A faithful copy of the listing below is needed, with its pictures left out.

====== Dataset extract

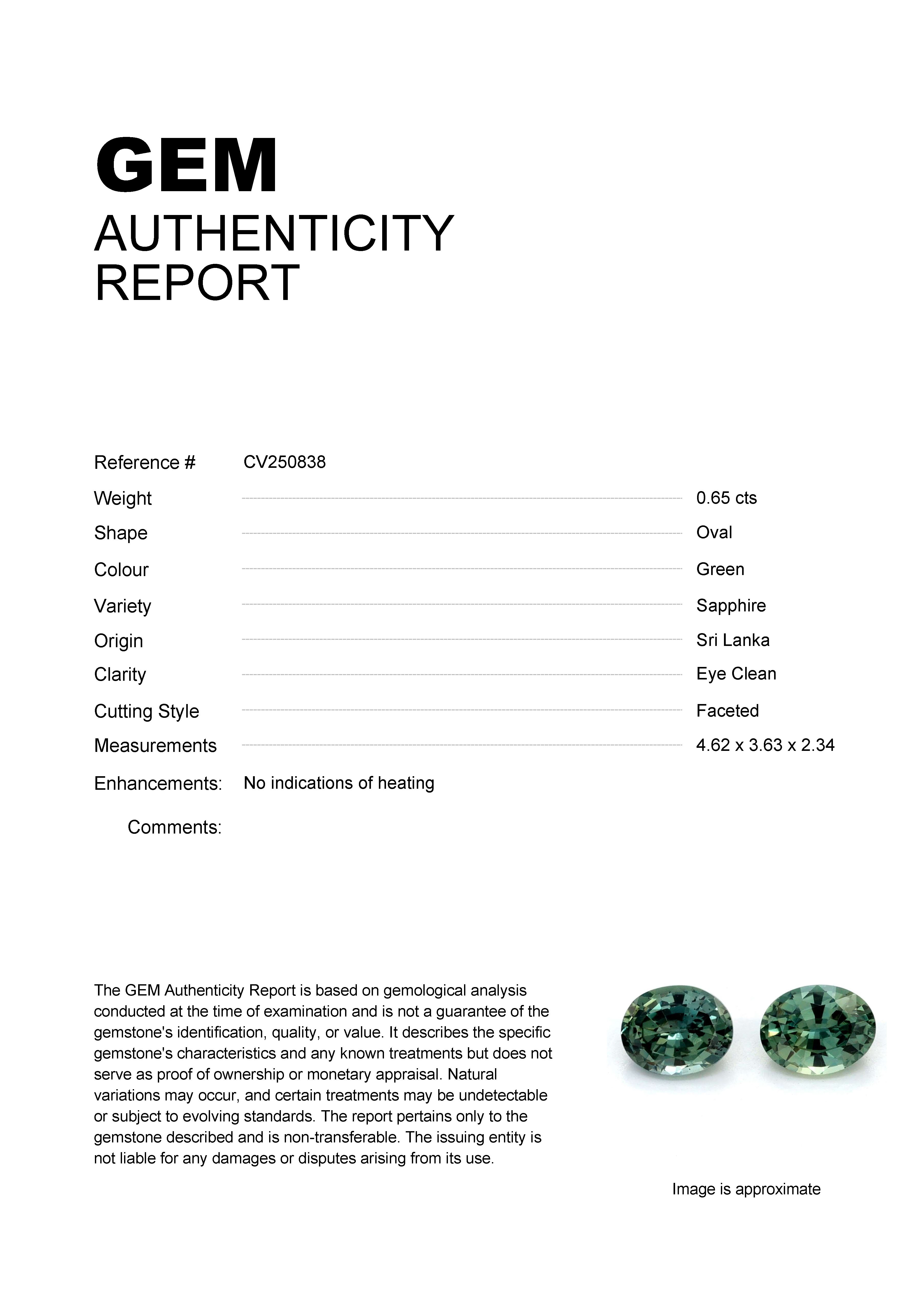 0.65ct Green Oval Sri Lanka SapphireCarat: 0.65 ctType: SapphireCut: OvalColour: GreenOrigin: Sri LankaComment: Not Heated4.62 x 3.63 x 2.34 mm
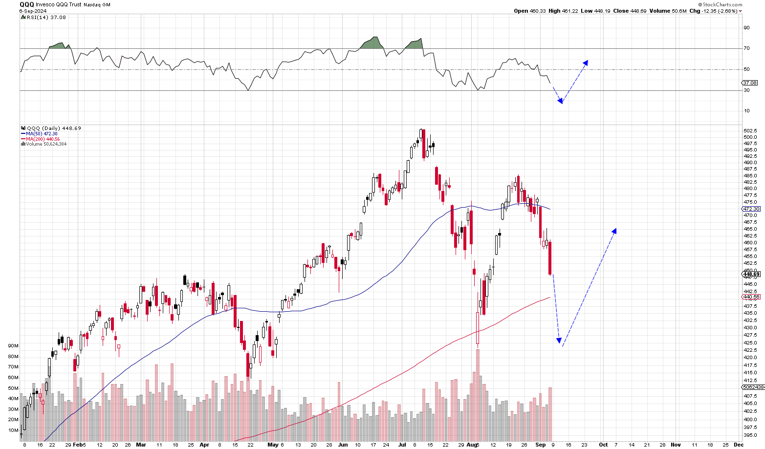 Now it’s important to point out that with the QQQ is just barely into the mid-20’s on the RSI and can go a little lower as we saw during the August 5 correction. We don’t often see the NASDAQ-100 get as oversold as it did near the end of July, but it does happen from time to time and it’s important to keep perspective here.
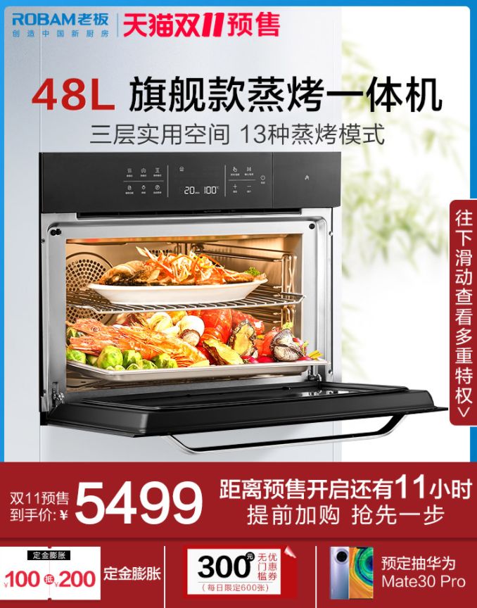 老板C973X嵌入式蒸烤一体机嵌入式蒸烤箱二合一蒸箱烤箱智能家用

============

*Exercise response*
 0.65ct Green Oval Sri Lanka SapphireCarat: 0.65 ctType: SapphireCut: OvalColour: GreenOrigin: Sri LankaComment: Not Heated4.62 x 3.63 x 2.34 mm
 Now it’s important to point out that with the QQQ is just barely into the mid-20’s on the RSI and can go a little lower as we saw during the August 5 correction. We don’t often see the NASDAQ-100 get as oversold as it did near the end of July, but it does happen from time to time and it’s important to keep perspective here.
 老板C973X嵌入式蒸烤一体机嵌入式蒸烤箱二合一蒸箱烤箱智能家用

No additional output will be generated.